Thanks! Yes, that is true. But this isn’t exactly what I’m after.

Maybe this code (that should run on your machine) will confirm my confusion. The draws that are printed from the line `print('gamma prior draws', gammas)`, which happens during training, do not properly represent the prior distribution they are drawn from.

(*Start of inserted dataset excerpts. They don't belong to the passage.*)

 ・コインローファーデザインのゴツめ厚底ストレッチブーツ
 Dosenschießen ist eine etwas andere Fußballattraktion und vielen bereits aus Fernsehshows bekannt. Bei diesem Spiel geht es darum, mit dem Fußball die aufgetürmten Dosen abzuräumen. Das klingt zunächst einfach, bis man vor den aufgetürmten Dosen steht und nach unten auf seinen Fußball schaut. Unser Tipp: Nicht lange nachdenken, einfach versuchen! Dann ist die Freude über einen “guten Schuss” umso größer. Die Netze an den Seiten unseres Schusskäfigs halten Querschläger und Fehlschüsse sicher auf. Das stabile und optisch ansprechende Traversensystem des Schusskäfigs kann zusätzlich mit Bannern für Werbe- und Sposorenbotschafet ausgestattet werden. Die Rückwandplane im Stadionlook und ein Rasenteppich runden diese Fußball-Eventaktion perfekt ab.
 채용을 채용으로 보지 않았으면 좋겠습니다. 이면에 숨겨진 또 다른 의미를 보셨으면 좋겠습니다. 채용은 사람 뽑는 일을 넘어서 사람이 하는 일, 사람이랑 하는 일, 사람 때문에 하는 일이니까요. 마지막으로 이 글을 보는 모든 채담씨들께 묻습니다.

This is my confusion.

``````import numpyro
import numpyro.distributions as dist
from numpyro.infer import SVI, Trace_ELBO
from numpyro.infer.autoguide import AutoBNAFNormal
import jax.numpy as jnp
import jax

def dummy_simulation(omegas, gammas): ## dummy simulation for purposes of sharing code
return jnp.mean(omegas), jnp.mean(gammas)

def model():
shape = (100, )

gamma_prior = dist.Normal(-30, 5).expand(shape) ## prior on gamma is a normal distribution with mean -30 and std 5
omega_prior = dist.Uniform(0, 1).expand(shape) ## prior on omega is a uniform distribution between 0 and 1

gammas = numpyro.sample('gammas', gamma_prior)
print('gamma prior draws', gammas) ### should be drawn from a normal distribution with mean -30 and std 5
omegas = numpyro.sample('omegas', omega_prior)

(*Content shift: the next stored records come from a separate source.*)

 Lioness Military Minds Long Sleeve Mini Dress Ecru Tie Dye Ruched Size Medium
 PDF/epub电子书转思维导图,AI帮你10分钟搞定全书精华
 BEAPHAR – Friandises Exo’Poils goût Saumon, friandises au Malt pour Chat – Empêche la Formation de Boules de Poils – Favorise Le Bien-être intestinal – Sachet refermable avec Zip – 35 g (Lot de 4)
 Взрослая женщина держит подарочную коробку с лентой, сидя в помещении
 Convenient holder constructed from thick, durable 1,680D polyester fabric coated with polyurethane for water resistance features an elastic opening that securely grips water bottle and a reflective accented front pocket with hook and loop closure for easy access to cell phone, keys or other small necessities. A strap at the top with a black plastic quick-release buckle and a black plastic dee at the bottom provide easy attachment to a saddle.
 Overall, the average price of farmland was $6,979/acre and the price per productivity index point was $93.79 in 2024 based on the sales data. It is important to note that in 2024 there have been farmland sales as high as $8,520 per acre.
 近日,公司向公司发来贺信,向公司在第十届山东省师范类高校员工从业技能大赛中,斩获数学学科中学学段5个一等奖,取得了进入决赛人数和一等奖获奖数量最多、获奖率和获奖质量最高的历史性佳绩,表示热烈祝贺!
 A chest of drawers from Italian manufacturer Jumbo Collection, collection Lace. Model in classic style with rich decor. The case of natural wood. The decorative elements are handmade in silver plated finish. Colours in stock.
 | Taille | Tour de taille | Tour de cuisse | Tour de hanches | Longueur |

val_1, val_2 = dummy_simulation(omegas, gammas) ## simulation outputs two values

loss_1 = (val_1 - 1.)**2 ## just a dummy loss
loss_2 = (val_2 - 1.)**2 ## just a dummy loss

total_loss = loss_1 + loss_2
numpyro.factor("guide", -total_loss)

guide = AutoBNAFNormal(model, num_flows=1)
svi = SVI(model, guide, optimizer, loss=Trace_ELBO())

best_loss, best_epoch, best_loss_counter = jnp.inf, 0, 0
losses = []
state = svi.init(jax.random.PRNGKey(0))

for i in tqdm(range(1000)):
best_loss_counter += 1
state, loss = svi.update(state)
losses.append(loss)
``````

here is an example output, which is not representative of a mean=-30 Gaussian. I am trying to understand why this is happening.

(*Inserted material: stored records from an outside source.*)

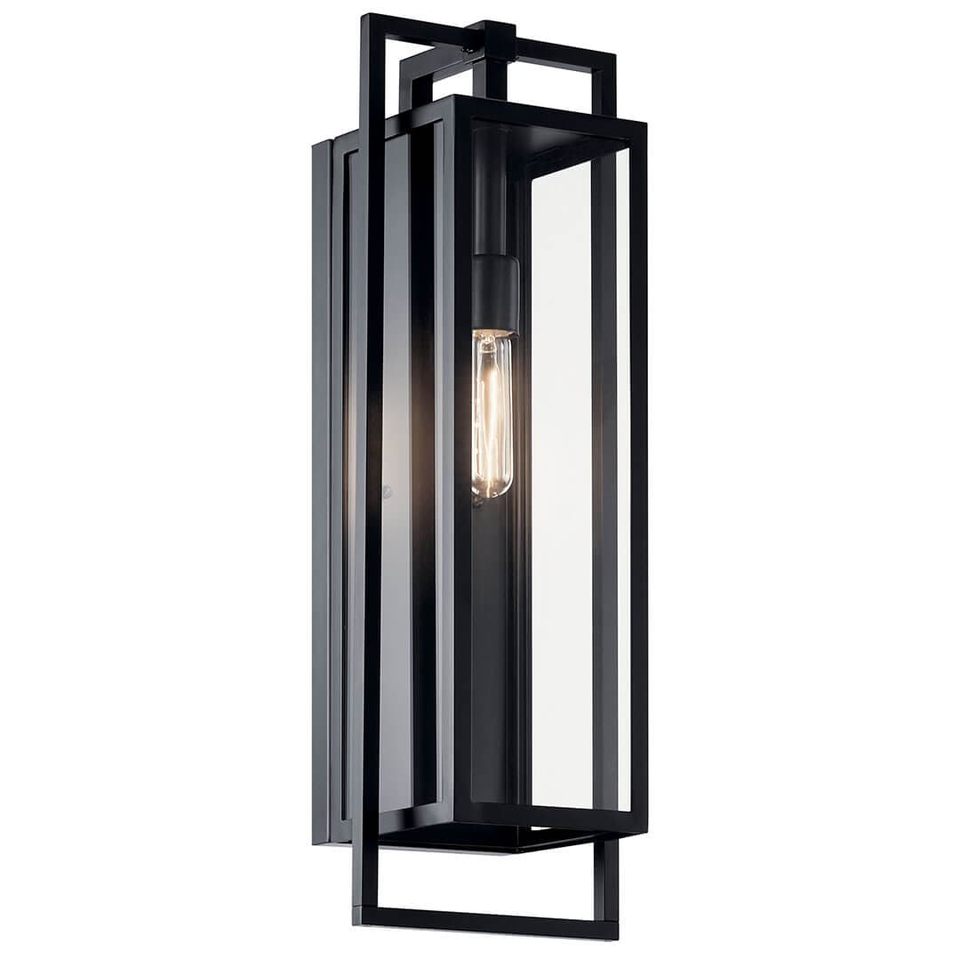 - An outdoor wall light with clear glass brings industrial style to porches and entryways
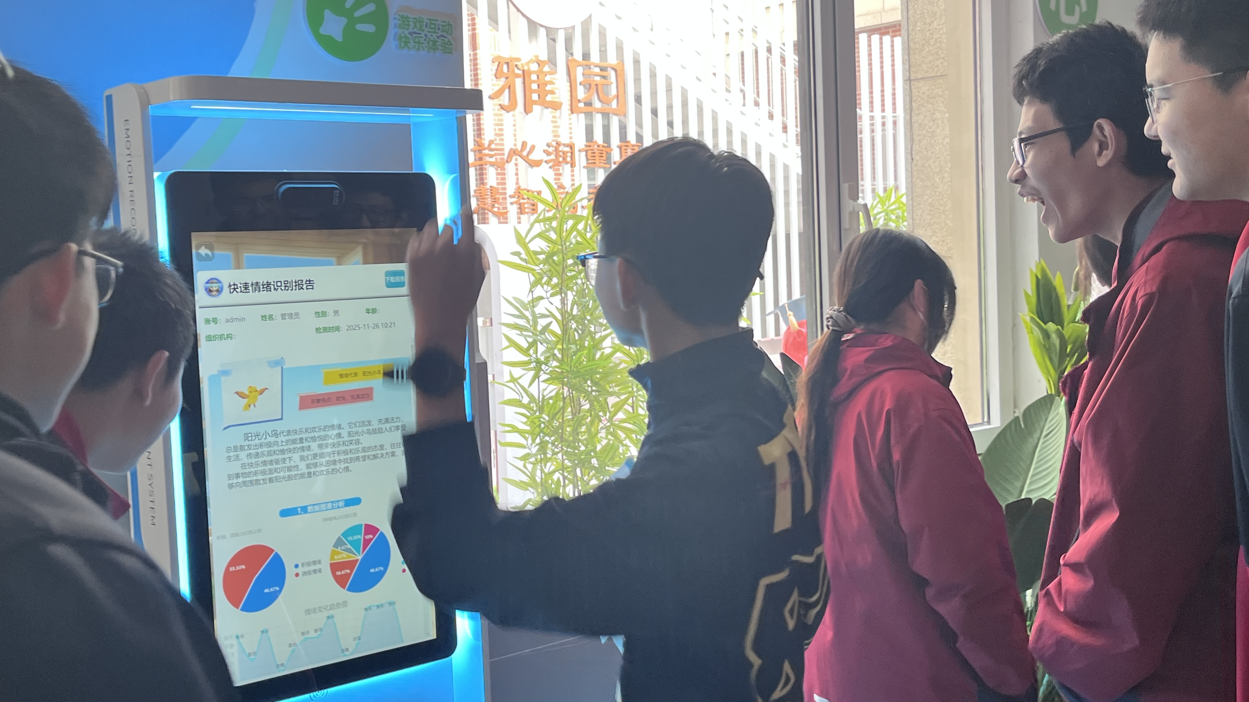 小学生充满好奇,被有趣的设备吸引,在互动中初识情绪;
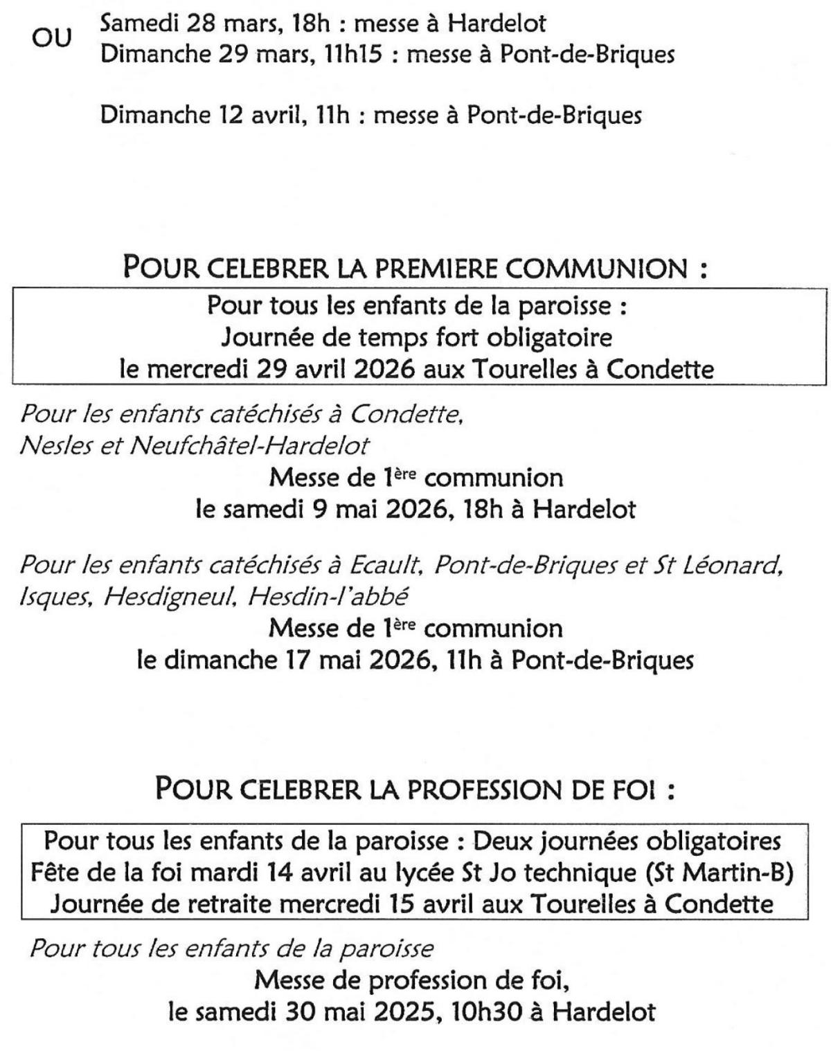 Diverses propositions sont faites pour favoriser l'éveil à la foi pendant la petite enfance (3 ans 7 ans) : Célébrations festives avec d'autres familles pour Noël et Pâques. Une nouvelle proposition pour les enfants de 7 ans : Puis à partir du C.E.2 et durant 4 ans, les enfants se retrouvent chaque semaine en petite équipe de 6-7 avec un ou une catéchiste bénévole

`gamma prior draws [-0.77792835 1.5513997 1.4689226 -0.8891797 1.6586142 1.8516874 -1.9143991 -1.3280873 1.602704 1.6196852 -0.48313093 0.60648584 -1.9278011 -1.5421586 1.147028 0.6957445 -0.24402332 1.9511538 -0.41310024 -1.3717875 0.5415411 0.9201145 -0.65974474 -0.60156584 -1.5836191 1.5495195 -1.9793987 -1.6504655 1.0285363 -0.7308345 -1.1712937 1.0799356 1.7527733 -1.7281809 0.89215994 0.4020362 1.6646938 1.8816423 -0.8738308 -1.3663263 1.8639073 -0.3134818 -1.0524917 -1.5728779 1.146738 0.73643875 1.1724048 0.6571684 0.0166111 -1.9081511 -0.19199896 0.73003006 0.2905984 -0.97260857 0.34668446 0.18595839 1.1871386 -0.49424887 1.9507704 -0.7336378 1.2888699 0.49221563 0.03837824 -1.2219481 0.8104315 -0.49491262 -1.0660887 -1.9435906 -0.10712671 0.46022224 1.276413 0.6822219 0.20741844 1.5192184 -0.01124239 0.7681494 1.4568133 -1.1505575 -0.07627535 0.5596223 1.6404142 0.7693238 -1.031949 -1.2256227 1.0243969 0.43393898 -0.20942831 1.5414958 -0.530324 -0.5331273 0.9794178 1.8405337 0.54413795 1.334086 -0.2682891 -0.1226387 -0.71883917 0.75752306 -0.5270543 1.14258 ]`

Sorry for the bother. Hopefully this helps clarify what I’m asking.

this is because SVI maximizes the ELBO which is an expectation w.r.t. to the guide=variational distribution, i.e. you’re seeing the model executed w.r.t. samples form the guide. e.g. see this tutorial.